An Uphill Battle

THE National Human Rights Commission (Komnas HAM) is supported by the law but has little or no chance in facing the Indonesian Military (TNI). During the course of investigating former and current army members who are suspected of involvement in the kidnapping of activists, only one out of the 23 summoned personnel is willing to testify.

On the other hand, only three out of 61 civilians summoned have refused to testify, all of the police personnel have complied with the summons, including former Police Chief, General (ret) Dibyo Widodo.

Komnas HAM has tried everything in its power to summon the army personnel. The first summons, sent by special courier, failed. Several personnel have moved away, one security guard refused to receive the summons, and one district official refused to deliver the letter.
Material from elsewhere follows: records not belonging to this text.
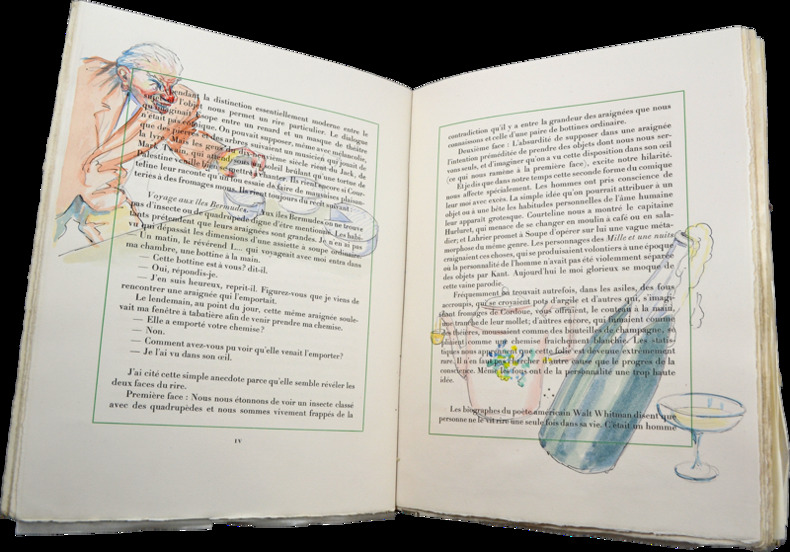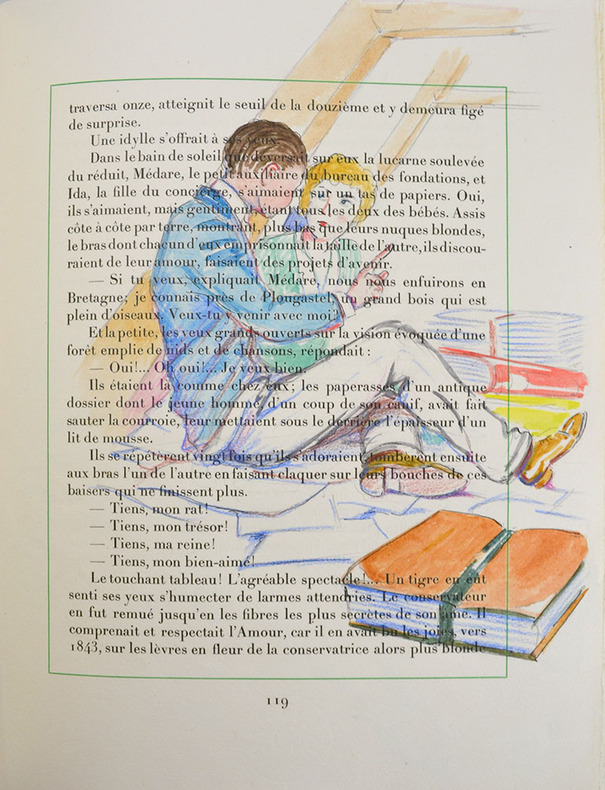Ouvrage illustré de 15 aquarelles de SEM reproduites par Daniel Jacomet.Tirage à 590 exemplaires. Cet exemplaire sur vélin d'Arches est non numéroté. Exceptionnel exemplaire enrichi de 154 grands dessins originaux à l'encre, mine de plomb et aquarelle illustrant chaque page, en marges mais principalement sur le texte mais ne gênant pas la lecture. Elles sont protégées par des serpentes.16 d'entre eux sont à pleine page sur des feuillets blancs, compris dans la pagination, au dos des en-tête de chapitres. Seules quatre pages n'ont pas de dessins, souvent des têtes de chapitre laissées vierges. Les dessins ne sont pas signés mais de belle qualité. Ils reprennent l'esprit de l'ouvrage. Ils pourraient être attribués à Théodore Van Elsen, proche de la maison d'édition Javal et Bourdeaux et de Mr Dumouchel administrateur de la maison d'éditions. Ce dernier avait déjà fait truffé d'autres exemplaires de cet ouvrage.Est-ce un projet d'illustrations concret ou le simple plaisir d'un bibliophile de l'époque? Sans signature et sans mention, l'interrogation demeure. Manque l'une des deux attaches de la boite.
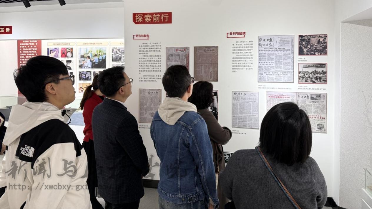 学院调研团队在柳州市融媒体中心总编辑李斌、党委专职副书记白雪以及相关部门领导的陪同下参观了书报博物馆,详细了解了融媒体中心的历史沿革及发展历程。
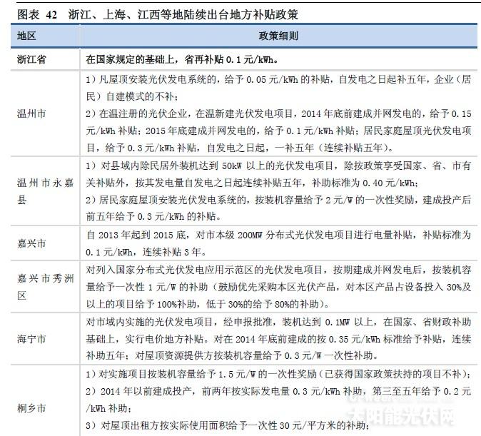 从上表可以看出,分布式光伏配额集中于东部沿海城市,山东、江苏、浙江、广东、河北均超过60MW。各地区为了促进分布式光伏的发展,在国家补贴的基础上纷纷提出了不同的地方补贴。
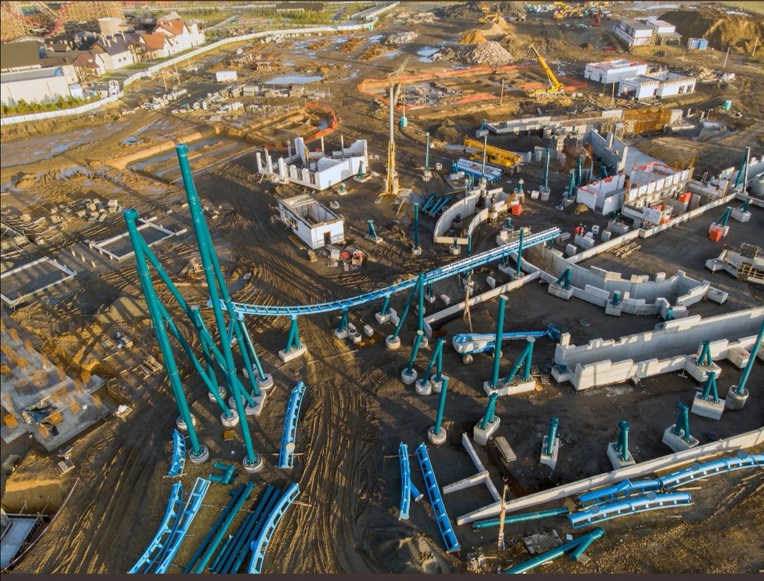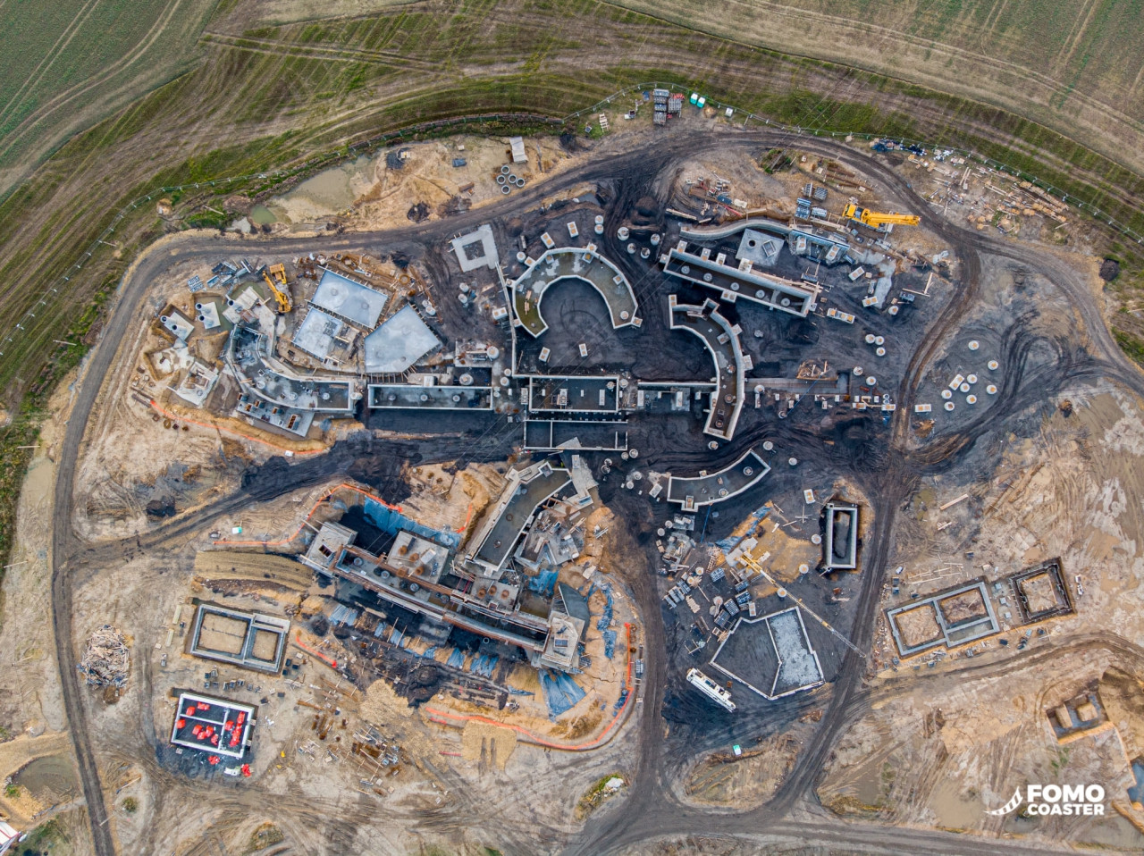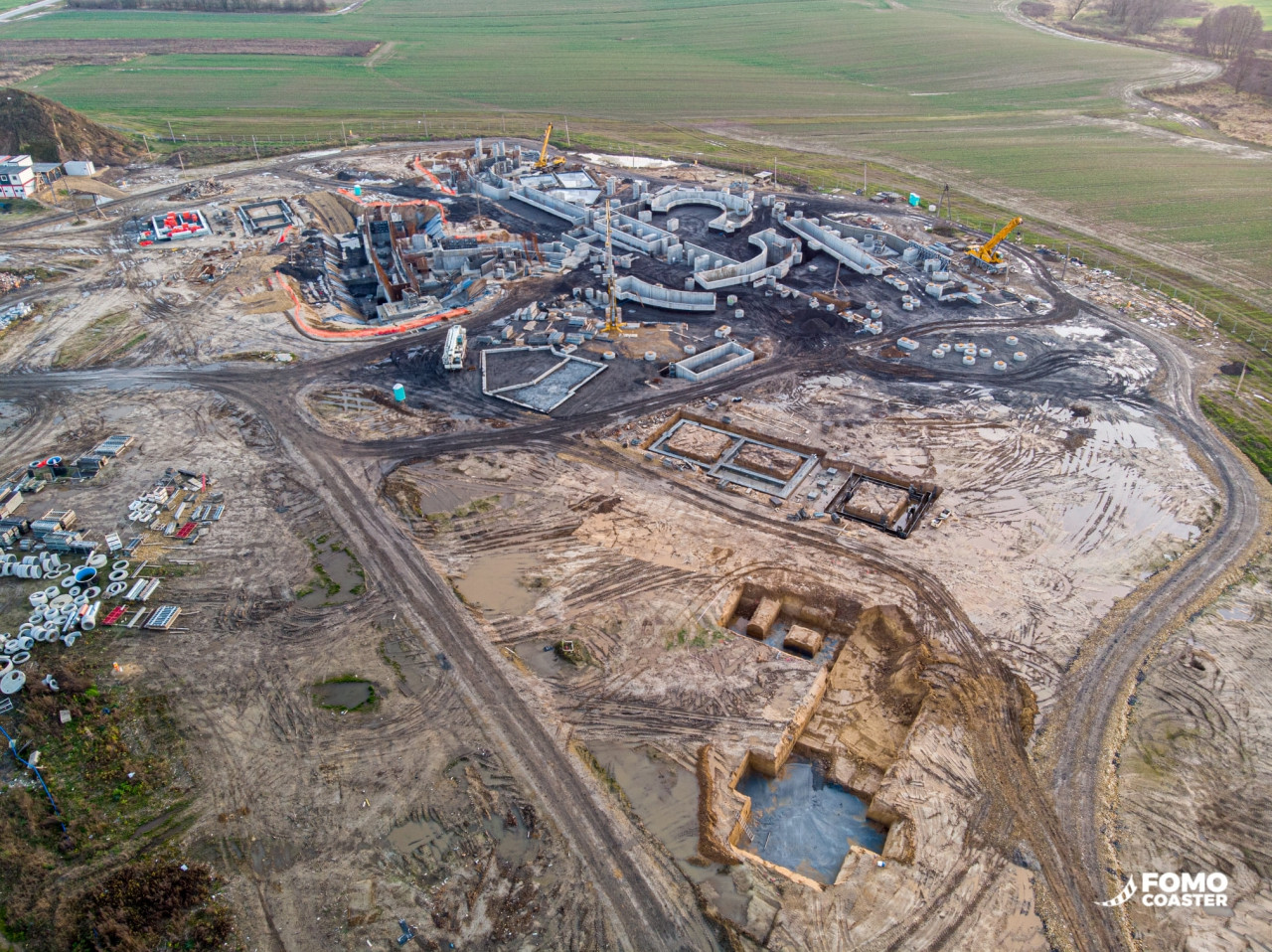 Ook de funderingen voor de Disk'O Coaster kan je rechts al zien:
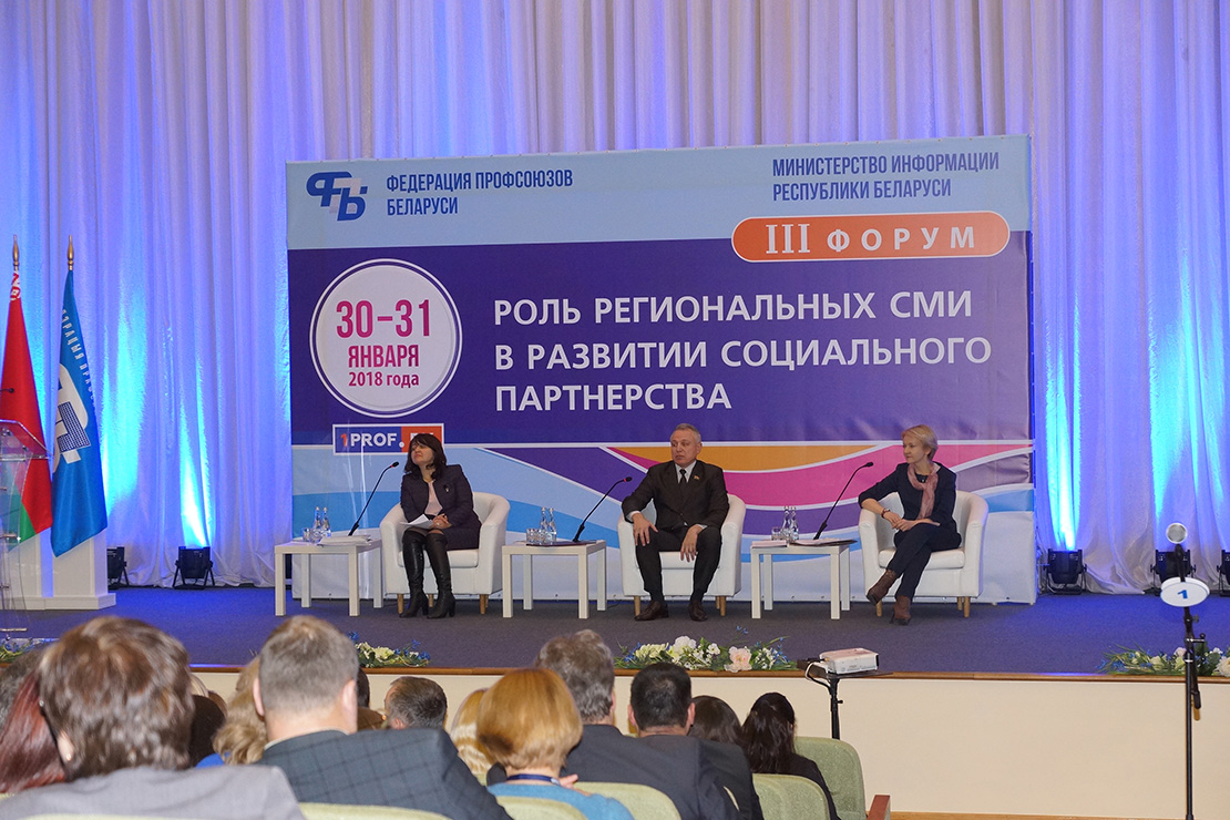 Напрыканцы студзеня, Мінск сабраў каля 150 прадстаўнікоў сродкаў масавай інфармацыі з усіх рэгіёнаў краіны на ІІІ Форум прафсаюзаў «Роля рэгіянальных СМІ ў развіцці сацыяльнага партнёрства». Арганізатарамі мерапрыемства выступілі Фэдэрацыя прафсаюзаў Беларусі і Міністэрства інфармацыі.
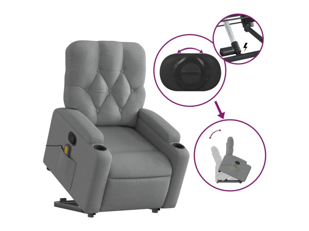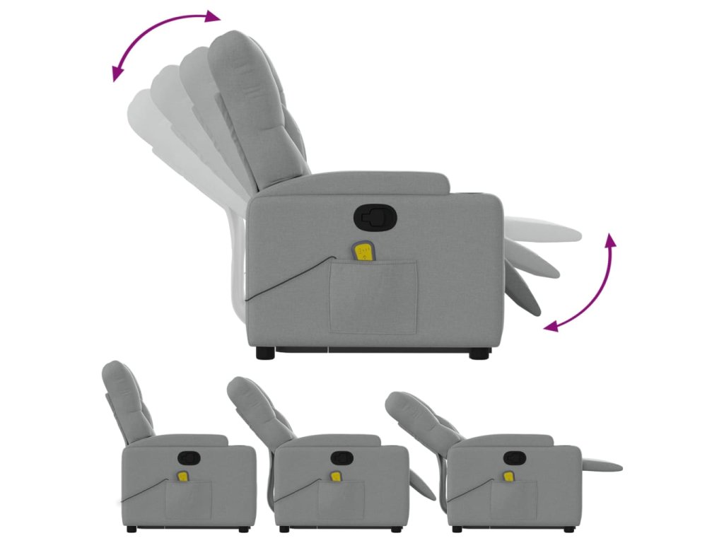 vidaXL Zdvíhacie a sklápacie masážne kreslo bledosivé látka
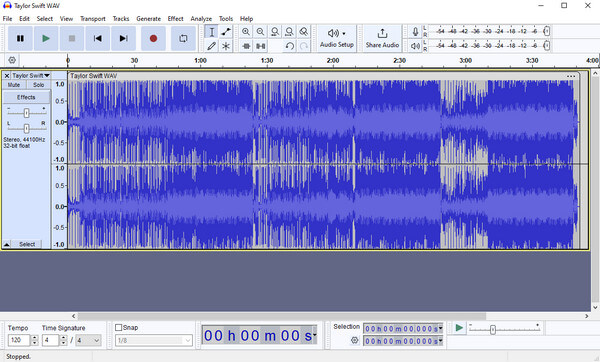 Step 1Download Audacity from the official website. Launch and click File from the main interface. Select Import > Audio to upload your WAV files.

The only officer who obeyed the first summons was Lt. Gen. (ret) Yusuf Kartanegara, a former member of the Officers’ Honor Council which investigated Prabowo Subianto and Muchdi Pr. Komnas HAM failed to extract further information from Kartanegara. “In most of his responses he claims to have forgotten details of the incidents,” said a member of the Komnas HAM ad hoc investigation team.

The second summons was sent. The summons were re-sent to those with completed addresses, and for those with unclear addresses the summons were sent to their authorities, and for the ones with unknown addresses, the summons were displayed at the Komnas HAM information board.

No response. Komnas HAM then sent a letter to the TNI Commander in Chief, Marshal Djoko Suyanto, to arrange a meeting for discussing how to call on those personnel. Djoko answered through the Legal Establishment Service: a House of Representatives (DPR) recommendation must be required before Komnas HAM can start the case investigation.

Undeterred, Komnas HAM asked the Jakarta District Court to petition an active officer and five other army officers who were suspects in the cases. However, the court refused the request because a forced summons can only be executed in an investigation.

Why do the army officers resist the summons? Army spokesperson, Colonel Ahmad Yani Basuki, told Tempo there was no resistance. The TNI personnel are merely following the already established law in such cases. The investigation of human rights abuse cases requires the recommendation of the government and the army is obeying this stipulation, he said.